Quais são os tipos de orquestração de pagamentos?
O mercado de orquestração se divide em três arquiteturas, com níveis distintos de profundidade e escopo de atuação.
| Tipo | Descrição | Complexidade | Caso de uso típico | Exemplos |
|---|---|---|---|---|
| Agregação de gateways | Múltiplos gateways atrás de uma API única, com roteamento básico por geografia ou método | Baixa | Empresas que operam em 2-3 países e querem simplificar integração | Stripe (Connect), Adyen (plataforma) |
| Orquestração completa | Roteamento inteligente com regras configuráveis, failover automático, reconciliação unificada e otimização por custo e aprovação | Alta | Empresas com volume cross-border significativo, múltiplos métodos locais e necessidade de redundância | Spreedly, Primer, Gr4vy |
| Orquestração vertical (embedded) | Camada de orquestração integrada a plataformas de distribuição, marketplaces ou ERPs, unindo pagamento com compliance fiscal e procurement | Média a alta | Empresas que compram software e serviços internacionais e precisam de NF, compliance fiscal e pagamento na mesma plataforma | Nexforce Marketplace |
A agregação de gateways resolve o problema de integração, mas não otimiza a transação. A orquestração completa adiciona inteligência de roteamento e redundância. A orquestração vertical estende o conceito para domínios específicos: no caso de software B2B, une pagamento, importação e compliance fiscal em uma plataforma única.

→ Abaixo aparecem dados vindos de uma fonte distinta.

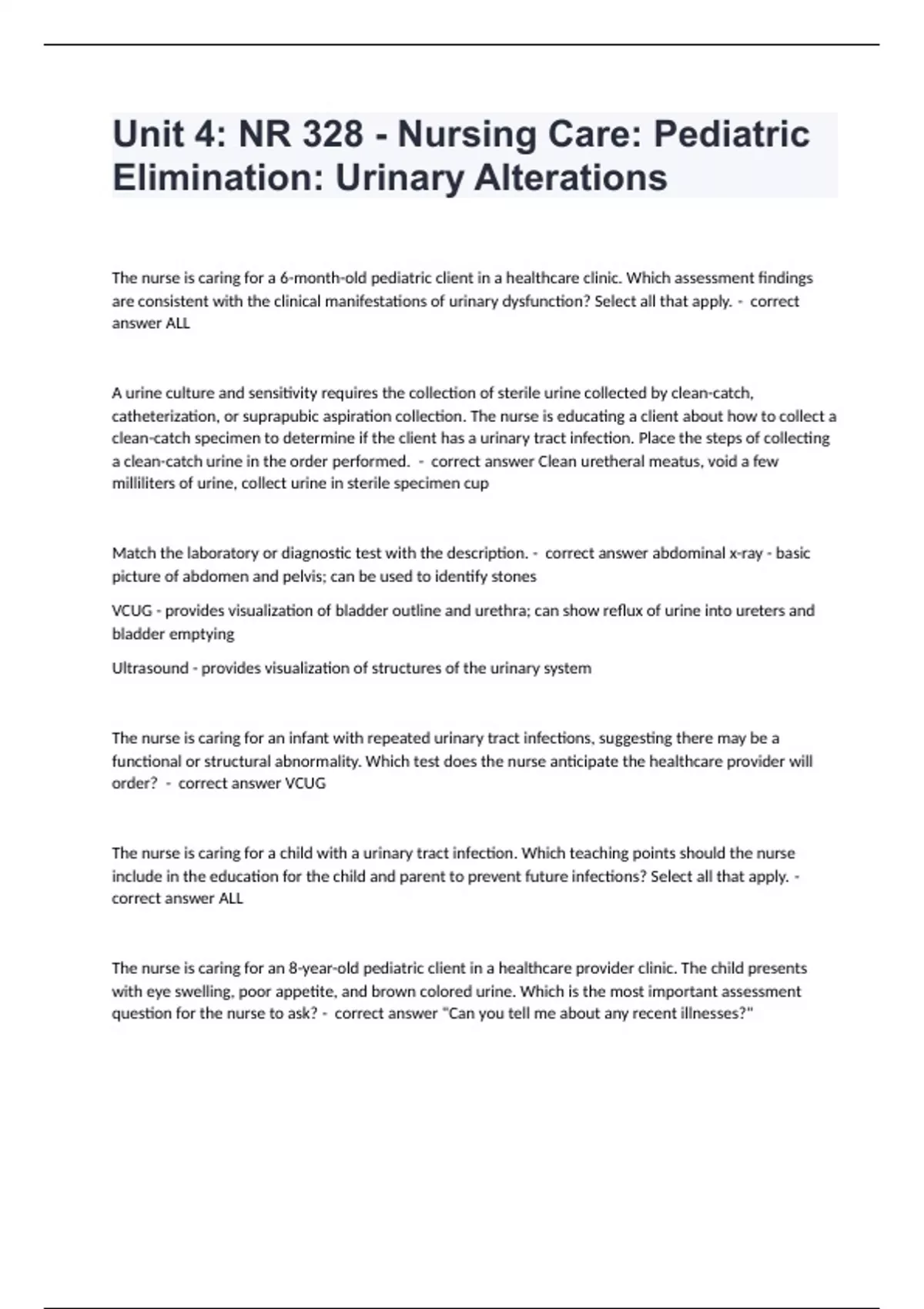 Unit 4: NR 328 - Nursing Care: Pediatric Elimination: Urinary Alterations with 100% correct answers 2024/2025

Por que a orquestração cross-border é diferente na América Latina?
A América Latina adiciona três camadas de complexidade que não existem em mercados de pagamento maduros como Estados Unidos ou Europa. A primeira é a fragmentação de métodos de pagamento locais: PIX e Boleto no Brasil, SPEI e OXXO no México, PSE na Colômbia, transferência bancária no Chile e na Argentina. Cada método exige integração específica e se comporta de forma diferente em termos de liquidação, chargeback e reconciliação. Uma plataforma de orquestração para a região precisa conectar todos eles.
A segunda é a volatilidade cambial. O spread entre a cotação comercial e a taxa efetiva de conversão consome de 1% a 4% em cada transação cross-border, dependendo do par de moedas e do volume. Na Argentina, o desdobramento entre dólar oficial e dólar financeiro (MEP/CCL) pode elevar essa diferença para mais de 20%, dependendo da via de pagamento utilizada. Uma plataforma de orquestração com gestão cambial integrada aplica trava de câmbio no momento da transação e elimina a exposição à flutuação entre o checkout e a liquidação, um intervalo que em operações B2B pode levar de 30 a 90 dias.
A terceira é a carga tributária cross-border. Uma empresa brasileira que paga uma assinatura de software nos Estados Unidos enfrenta IRRF (15%, alíquota padrão, ou 25% quando o beneficiário está em paraíso fiscal), PIS (1,65%) e COFINS (7,6%) sobre a remessa, além de IOF-câmbio (3,5%) e spread cambial. A CIDE (10%) incide sobre a maioria das operações de SaaS, classificado como serviço técnico pela Receita Federal (SC Cosit 191/2017, 99/2018). A isenção do §1°-A do art. 2° da Lei 10.168/2000 alcança apenas licenças puras de software sem transferência de tecnologia, categoria distinta de SaaS. Empresas no regime de Lucro Real não cumulativo conseguem recuperar 9,25% via crédito de PIS/COFINS, desde que a operação gere nota fiscal no Brasil. A Nexforce Marketplace entrega essa estrutura: a NF da Nexforce permite recuperar o crédito de PIS/COFINS, crédito que a importação direta raramente viabiliza porque depende de classificação fiscal precisa e retenções corretas em cada remessa. Empresas no Lucro Presumido, que não tomam crédito de PIS/COFINS, se beneficiam da trava cambial e da NF em reais para simplificação contábil.